How can I stop hitting the snooze button every morning? Beating the snooze button is about breaking the physical habit. The most effective strategy is to place your alarm clock or phone across the room, forcing you to get out of bed to turn it off. Once you are up, immediately seek light—either by opening the curtains or turning on a bright light—and drink water. Adding Hydrate or Die to your morning water can help replenish electrolytes and wake up your nervous system, making it much harder to justify crawling back into bed.

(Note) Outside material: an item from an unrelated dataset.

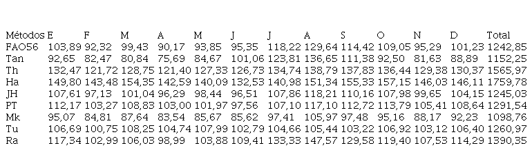 Considerando el total anual de ET 0 ( Tabla 3, columna 14) y el método FAO56 como base, el tanque evaporímetro proporcionó un valor de ET o inferior del 7,29%; Thornthwaite modificado un valor superior del 26,0%; Hargreaves un valor superior del 41,59%; Jensen and Haise un valor mayor del 0,18%; Priestley and Taylor un valor superior del 3,92%; Makkink un valor inferior del 11,59%; Turcun valor superior del 1,46% y FAO Radiación un valor superior del 11,87%.

Do I need to warm up differently for a morning workout? Yes, your body temperature is naturally lower in the morning, and your muscles may feel stiffer after hours of inactivity. It is crucial to spend at least 5 to 10 minutes on a dynamic warm-up that focuses on mobility and gradually increasing your heart rate. Avoid static stretching until after your workout. To support your joints and connective tissues long-term, ensure you are getting enough collagen. Our Collagen Peptides Collection is designed to help maintain the integrity of the tissues you’re putting to work every morning.

How much sleep do I actually need if I'm waking up early to train? While individual needs vary, most adults require between 7 and 9 hours of quality sleep to recover properly from exercise. If you are waking up earlier to work out, you must adjust your bedtime accordingly. Quality is just as important as quantity; practicing good sleep hygiene and using clean supplements can help. For instance, avoiding caffeine late in the day and incorporating MCT Oil Creamer in your morning brew can help you maintain steady energy levels so you don't feel the need to crash or over-caffeinate later, which could disrupt your next night's sleep.